One of the biggest issues for travellers is timing. All light has colour, and early or late in the day, sunlight has a soft warm golden glow, sometimes emphasised by dusty atmospheric conditions. Since the Australian outback is best depicted by earthy red glows, this warm glow tends to show off most natural forms to their best advantage and you'll be rewarded with quality photographs if you take the time to be on location in the early or late hours. Obviously, this may affect your travel plans so wise photographers get involved in the travel plan. Why not select some photographic highlights that you know will be best achieved in the early/late hours and work out your daily driving plan to ensure you do not upset the rest of your travelling party by wanting to stay on to get "the perfect photo", when everyone else is wanting to push on to get a hot shower at the caravan park just 50km away. Taking advantage of “first light” – even before dawn, and the few moments around sunrise provides beautiful light conditions – this can mean getting up before anyone else is up, but will make fitting your photography passion into the travel schedule easier.

When it comes to the direction of light, there are 360 degrees of possibilities. When the light isn't working for you, change it by moving your position or your subject's position, or the light itself, if possible. Sometimes waiting for the right light is an option, or noting how the light might be at some other time of day, and then coming back at that time for the photography.

The reason everyone positions people in outdoor photos to look into the sunlight is to remove shadows from faces but this is just a method of moving the subject to achieve front lighting. Learning how to use flash will improve your control of front lighting and with practise you'll use it in many situations including daytime photography, and especially in portrait photography. Other techniques including putting the subject near a source of reflected light.

Side lighting is perfect when you want to emphasize texture, dimension, shapes or patterns. Side lighting sculpts a subject, revealing contours and textures. Use side lighting to exaggerate dimension an depth. At a 45-degree angle to the side, its one the most flattering types of portrait lighting.

Light that comes from behind your subject is by far the most difficult to use. Taking a photograph that is backlit means that direct light is reaching your camera's light sensor so any auto program will reduce the aperture, resulting in less light reaching the foreground of your picture. If you have placed a person in the foreground, such as a person in front of the sunset scene, the result will be a silhouette of their body outline. If that's not your intent, then you'll need to provide some sort of front or side lighting. Many digital cameras will have a backlight compensation button (or learn to use exposure compensation) that will help in this situation to properly exposure your subject, but you may end up washing out the background and lose the soft sunlight glow. Using fill flash in this situation is usually the ideal - as this will give your portrait a glowing "halo" of rim light and prevents the silhouette effect.


In the days before digital, you would buy film in different settings of "speed". Typical print film ratings were 100asa, 200asa, 400asa.
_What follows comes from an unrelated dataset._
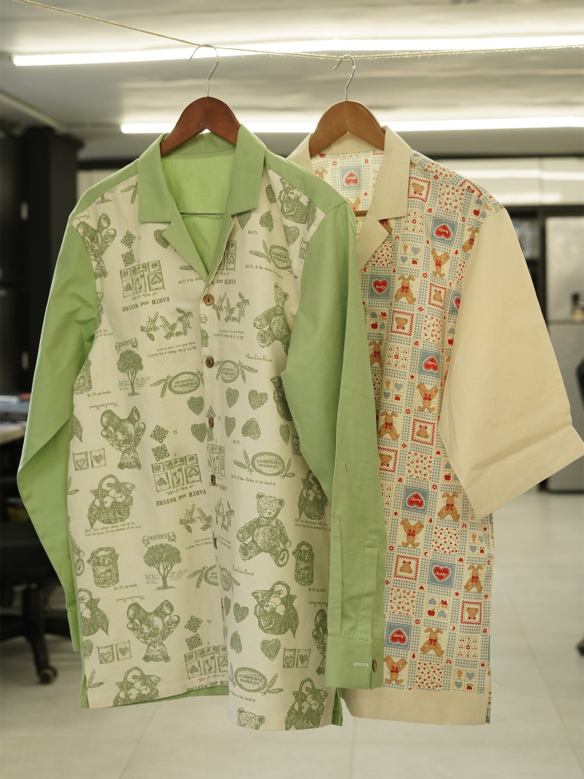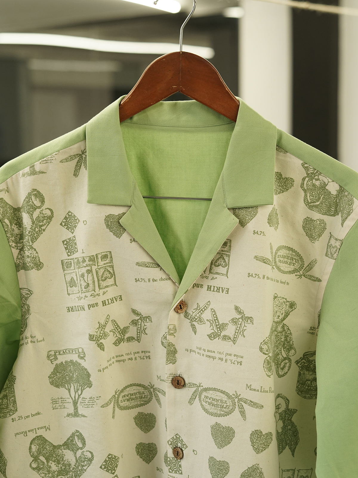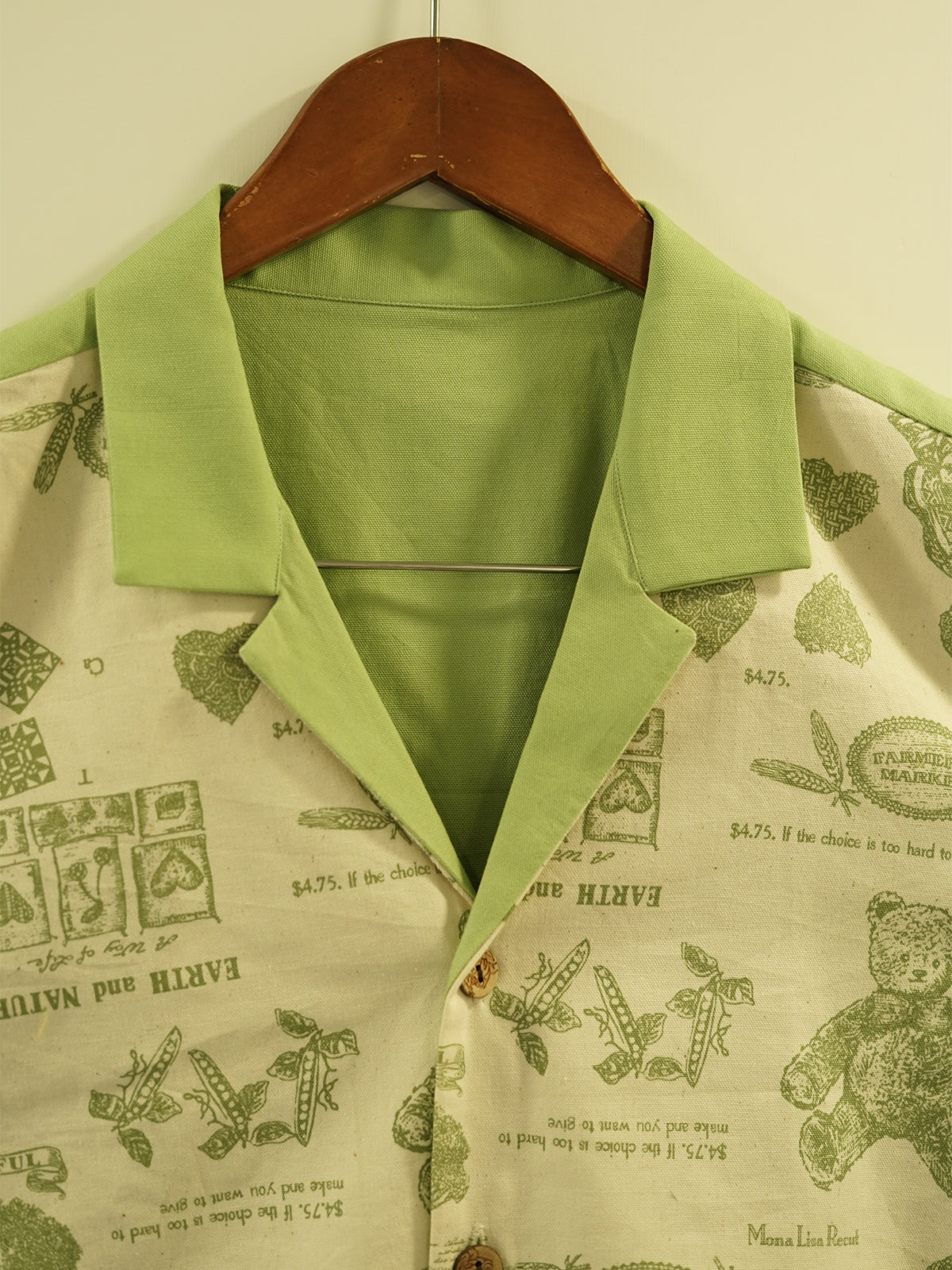 “Bagh ki Diary” is a shirt that feels like a page from a forgotten journal — filled with sketches of wildflowers, jam jars, old trees, and teddy bears waiting in wicker baskets. A rare vintage print paired with sage green sleeves and a Cuban collar, this piece whispers of Sunday mornings, hand-written letters, and peaceful silences under mulberry trees.

In simple terms, changing the type of film enabled photographers to alter their camera's sensitivity to light, with the higher numbers of film rating (eg. 200, 400) being better suited to lower-light situations, and 100 being better for outdoor, sunny conditions.

These days, with digital cameras, we can change the ISO setting instead. And of course, we have full control over the ISO/ASA for every photo, rather than having a whole roll of film at a particular ASA.

ISO settings have some limitations for use in that the higher the setting the grainier the look of the picture quality.